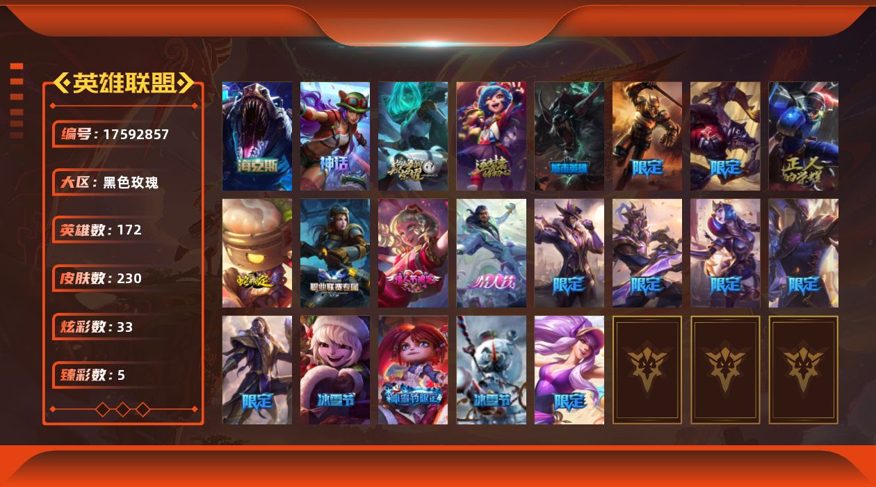 [17592857]可二次【特价出售/店主推荐】未定级段位-172英雄-230皮肤-33炫彩-0终极-5神话-20限定-28传说-54史诗
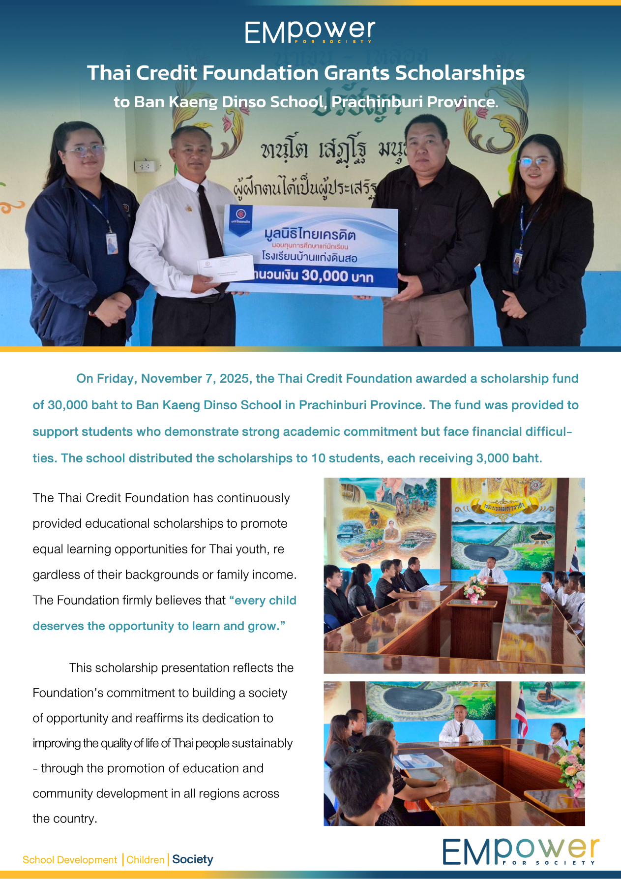 On Friday, November 7, 2025, the Thai Credit Foundation awarded a scholarship fund of 30,000 baht to Ban Kaeng Dinso School in Prachinburi Province. The fund was provided to support students who demonstrate strong academic commitment but face financial difficulties. The school distributed the scholarships to 10 students, each receiving 3,000 baht.
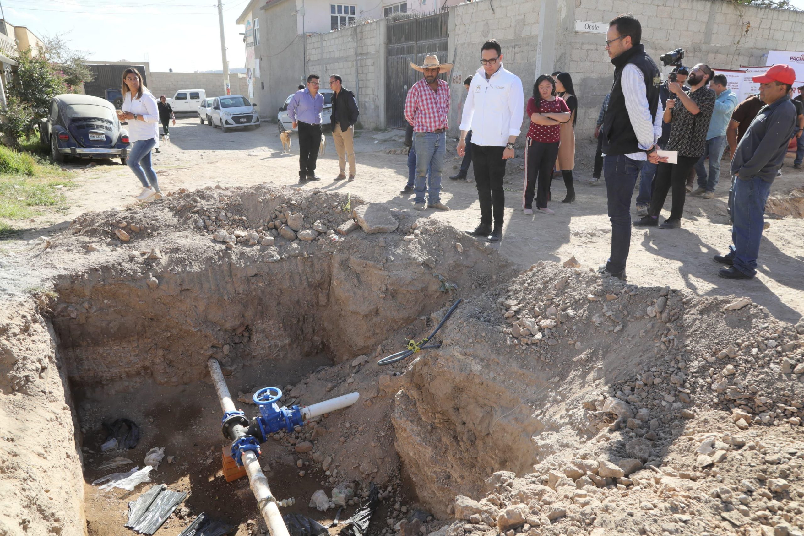 Durante el recorrido, se verificó el avance de la construcción de la red de agua potable en la calle de Ocote en la colonia Los Abetos, el drenaje sanitario en Río Texas de Ampliación El Palmar, la pavimentación de concreto hidráulico en Margarita Morán de Luz del Carmen, así como en Manuel Acuña en Cristina Rosas Illescas.

* Your assignment
Recopy the full listing exactly, passing over any picture.

* Response
 [17592857]可二次【特价出售/店主推荐】未定级段位-172英雄-230皮肤-33炫彩-0终极-5神话-20限定-28传说-54史诗
 On Friday, November 7, 2025, the Thai Credit Foundation awarded a scholarship fund of 30,000 baht to Ban Kaeng Dinso School in Prachinburi Province. The fund was provided to support students who demonstrate strong academic commitment but face financial difficulties. The school distributed the scholarships to 10 students, each receiving 3,000 baht.
 Durante el recorrido, se verificó el avance de la construcción de la red de agua potable en la calle de Ocote en la colonia Los Abetos, el drenaje sanitario en Río Texas de Ampliación El Palmar, la pavimentación de concreto hidráulico en Margarita Morán de Luz del Carmen, así como en Manuel Acuña en Cristina Rosas Illescas.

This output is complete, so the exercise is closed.